If you need proof that upward mobility in America is increasingly elusive, consider the prospect of a Hillary Clinton-Jeb Bush presidential race. A second President Clinton or a third President Bush would send the depressing message that Barack Obama’s classic American Dream ascent was a fluke.

There’s more to Clinton and Bush than their family names and financial networks, of course. They are both serious, experienced, credible leaders. But their advantages are also disadvantages. The downside of seasoning is that they have seemingly been on the scene forever. And notwithstanding Bill Clinton’s solid economic record and the sturdiness of the Bush brand among some mainstream Republicans, their names evoke weariness among voters who lived through Bill’s scandals and George W.’s wars, and anyone who believes that dynasties and democracy are incompatible.

Clinton and Bush need to find ways to convince the nation that they are turning the page — that they are the future, not the past. Bush furthermore needs to differentiate himself from his father and brother.

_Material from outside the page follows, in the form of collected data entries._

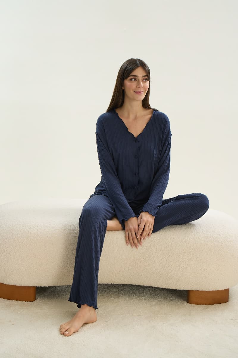 Kadın V Yaka Düğmeli Uzun Kol Pijama Takım
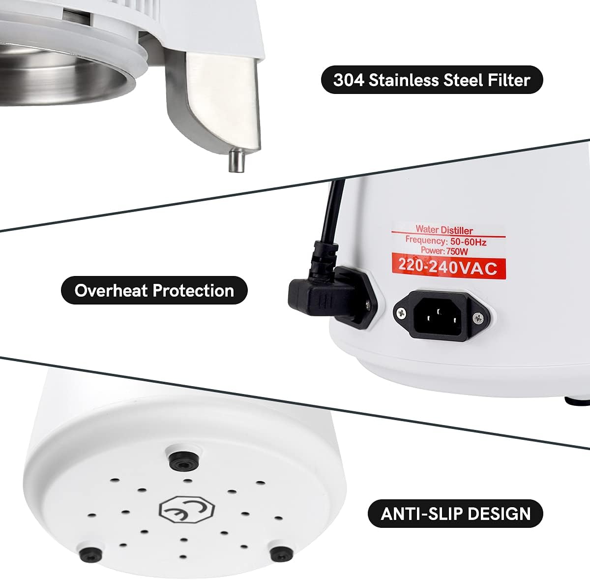 Този дестилатор за вода е перфектен инструмент за пречистване на водата и ви помага да поддържате постоянно количество дестилирана вода, независимо дали сте у дома или в офиса. Като перфектно допълнение към малка кухня, той не е много по-голям от чайник и не заема толкова много място.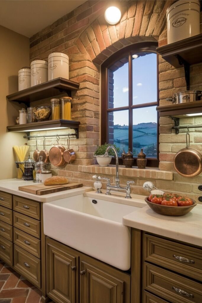 This one feels straight out of an Italian movie scene — all that’s missing is the background accordion music. The star here is the exposed brick wall, which instantly sets a rustic tone. Paired with that deep farmhouse sink, it creates the perfect Tuscan mix of warmth and practicality.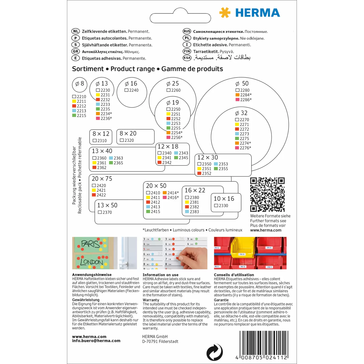 - Les étiquettes adhésives universelles peuvent être remplies avec toutes les machines à écrire courantes mais ne con viennent pasà une impression au PC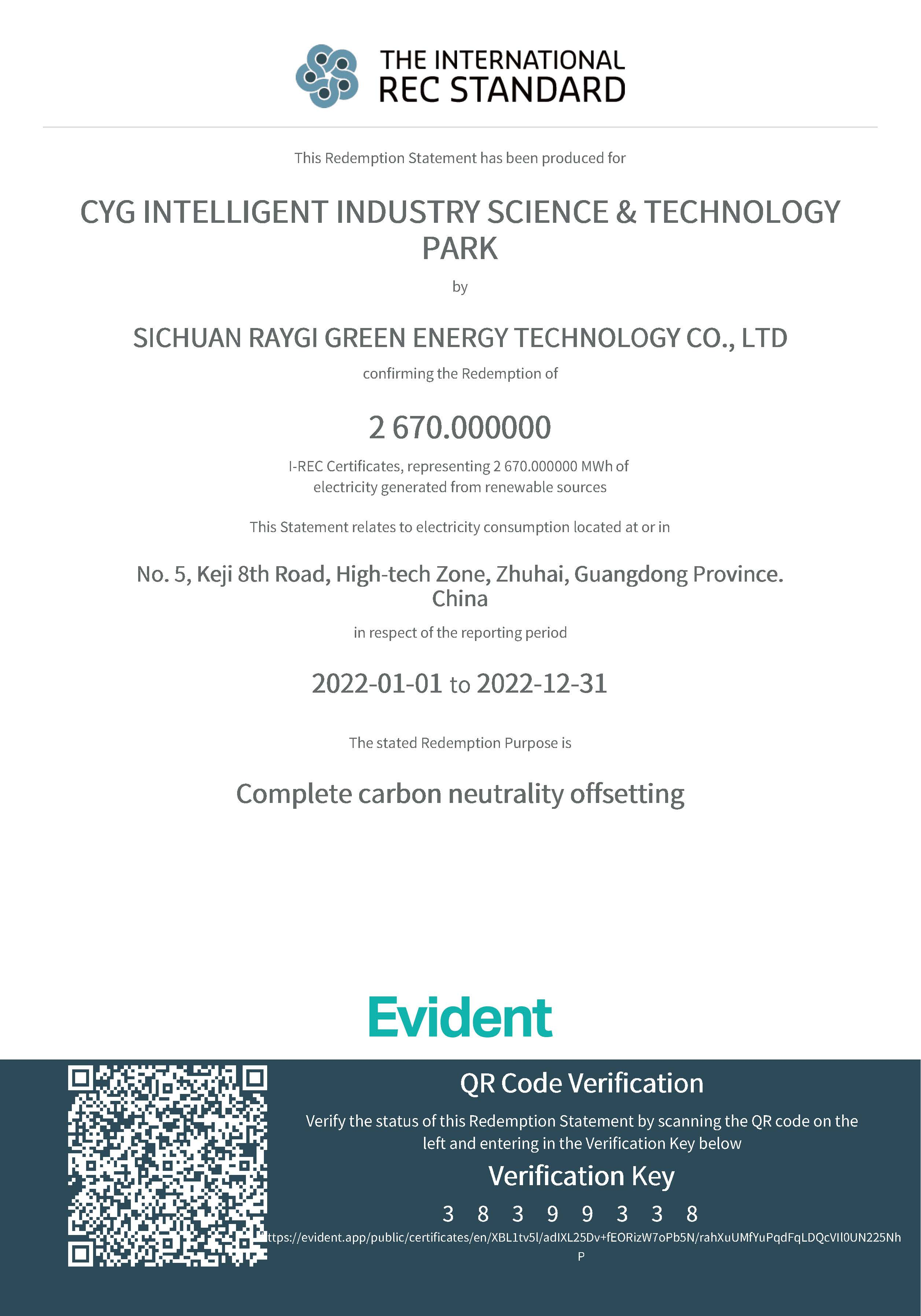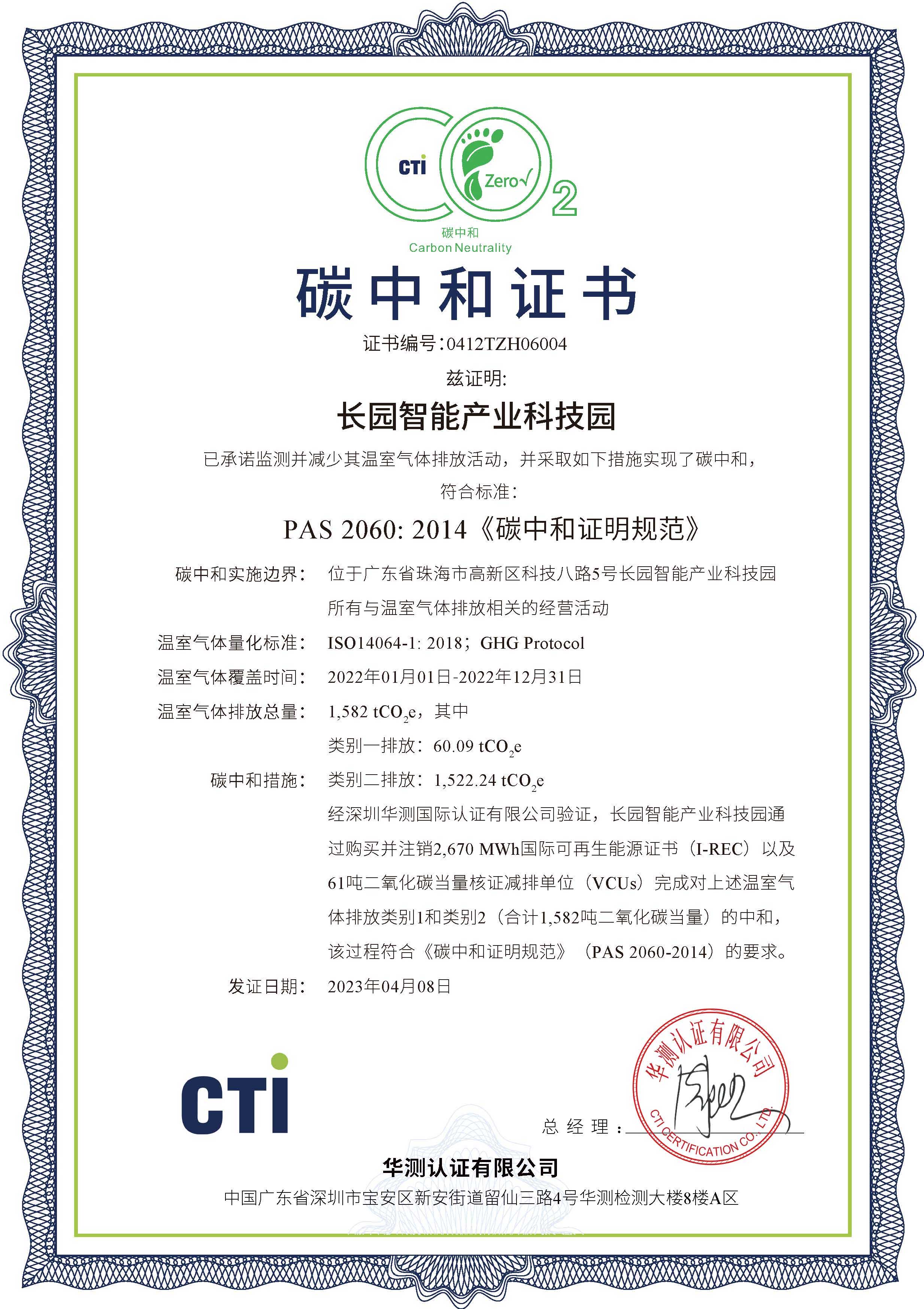 本次园区碳中和的实施,由mile米乐科技集团旗下子公司mile米乐综合能源(深圳)有限公司(以下简称“mile米乐综能”)根据国际标准ISO 14064-1:2018《温室气体-第一部分 组织层面上温室气体排放与清除量化及报告规范》对园区类别1、类别2温室气体排放量进行了核算并出具核算报告,由中国合格评定国家认可委员会(CNAS)授权的第三方核证机构华测检测(CTI),按照ISO 14064-3《温室气体声明审定与核查的规范及指南》对核算报告进行了核查,并根据PAS 2060《碳中和证明规范》对碳中和结果进行了认定。

And Clinton needs to make clear she is not the same candidate she was in 2008. In short, these overly familiar figures need to surprise us.

Bush’s support for comprehensive immigration reform and the Common Core education standards puts him at odds with much of his party. His current plan is to persuade the severely conservative GOP primary electorate, as Mitt Romney might describe it, that he’s right. “I’m not going to change what I believe. And my beliefs, I think, are good solid mainstream conservative thought,” Bush said told WPLG-TV in Miami this month. He said he doesn’t intend to repeat what he views as Romney’s mistake in the 2012 primaries: “He got sucked into other people’s agendas.”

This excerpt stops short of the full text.